Finance and Insurance — compliance-bound advisory chatbots
- What: Advisory bots that constrain recommendations to approved product universes, enforce fee disclosures, and verify suitability against stated risk tolerance.
- Tools/Products/Workflows: CPL policies for product whitelist/blacklist, mandatory disclosure spans, KYC/AML risk checks; learned verifiers for suitability reasoning; CAPE training to satisfy policies by default; CapabilityBench to certify tasks for procurement.
- Assumptions/Dependencies: Current product catalogs and policy libraries; access to client risk profiles; strong claim/citation extraction; compliance sign-off.
Software Engineering — secure code generation and tool-use correctness
- What: Code copilots that never emit unsafe patterns (e.g., eval, exec, SQL injection), pass required tests, and call tools with exact computed arguments.
- Tools/Products/Workflows: CPL policies for banned APIs, input sanitization, required tests; PredicateGraph over code/tool-calls; CI “capability unit tests” step; automatic correction (deterministic patches) then re-verification; fine-tuning with CAPE.
- Assumptions/Dependencies: Structured code blocks and tool-call capture; stable schema for PredicateGraph; grammar-constrained decoding for reliability.
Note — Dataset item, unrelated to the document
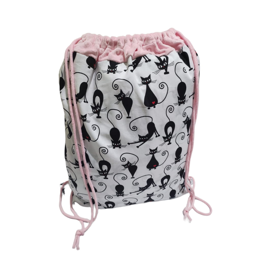 Worek do Przedszkola, na WF Bawełniany 35x40 Koty z różowym Minky - Worko-Plecak ze Sznurkami, Tunel Minky, Metka na Imię

Legal Services — jurisdiction-aware drafting and grounded citations
- What: Research and drafting assistants that cite only provided documents, respect jurisdiction and confidentiality constraints, and adhere to firm style guides.
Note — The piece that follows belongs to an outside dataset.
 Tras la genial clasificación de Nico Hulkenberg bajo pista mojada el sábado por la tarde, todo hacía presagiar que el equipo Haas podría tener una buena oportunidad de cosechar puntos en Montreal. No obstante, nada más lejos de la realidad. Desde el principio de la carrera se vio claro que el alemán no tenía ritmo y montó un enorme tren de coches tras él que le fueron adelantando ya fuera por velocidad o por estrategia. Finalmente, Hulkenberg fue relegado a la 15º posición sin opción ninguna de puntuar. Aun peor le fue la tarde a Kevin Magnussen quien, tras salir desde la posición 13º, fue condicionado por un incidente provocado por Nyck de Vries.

- Tools/Products/Workflows: CPL policies for permitted jurisdictions, mandatory pinpoint citations, redaction/PII; RAG “cite-from-context-only” structural checks; Capability CI dashboards per matter.
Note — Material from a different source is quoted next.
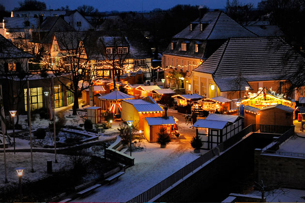 Auch in diesem Jahr öffnet der Winterfunkeln-Weihnachtsmarkt in Bad Sassendorf seine Pforten. Die Lichtinstallationen des "Winter-Funkelns" versetzen den Kurpark mit Einbruch der Dunkelheit zusätzlich zur stimmungsvollen Weihnachtsbeleuchtung in ein Lichtermeer. Der Winterfunkeln-Weihnachtsmarkt beschert an mehr als 40 Hütten ein umfangreiches Angebot an weihnachtlicher Handwerkskunst und farbenfrohen Dekorationsartikeln. Natürlich dürfen süße Leckereien, Grillspezialitäten und der obligatorische Glühwein nicht fehlen. Die Kinder dürfen sich auf historische Fahrgeschäfte freuen. Der Weihnachtsmarkt in Bad Sassendorf findet immer von Donnerstag bis Sonntag in den beiden Wochen vor der Adventszeit (Ausnahme am Totensonntag geschlossen) sowie in allen vier Adventswochen. (© FuM)

- Assumptions/Dependencies: Accurate retrieval context; legal entity and citation parsing; firm-specific style policies; privileged data controls.
Education — rubric-aligned auto-feedback and grading
- What: Tutors and graders that provide structured, rubric-based feedback for proofs, reasoning, and code correctness with issue localization.
- Tools/Products/Workflows: Learned verifiers trained on explicit rubrics (reasoning validity, proof completeness, edge-case handling); meta-verification to suppress hallucinated issues; course-specific CapabilityBench suites.
- Assumptions/Dependencies: Calibrated rubrics (κ ≥ 0.7); periodic human spot-checks; versioned rubrics across courses.
Customer Support and CX — SOP-compliant agents
- What: Assistants that reliably follow escalation protocols, sentiment-aware acknowledgment, refund rules, and closure checks.
- Tools/Products/Workflows: Tiered CPL policies (T2 governance for refunds/escalations, T3 structural for response flow); CRM-in-the-loop verification; CAPE corrections feeding continuous fine-tuning.
- Assumptions/Dependencies: Up-to-date SOPs; sentiment/intent detection nodes in PredicateGraph; locale/regulatory variants.
Enterprise Data and RAG — hallucination-resistant grounded answers
- What: Q&A systems that require every factual claim to be supported by citations drawn from the provided corpus, with format and coverage guarantees.
- Tools/Products/Workflows: Structural policies for claim–citation alignment, coverage thresholds, and citation formatting; Best-of-N plus policy-filter inference as a stopgap; CAPE training for default compliance.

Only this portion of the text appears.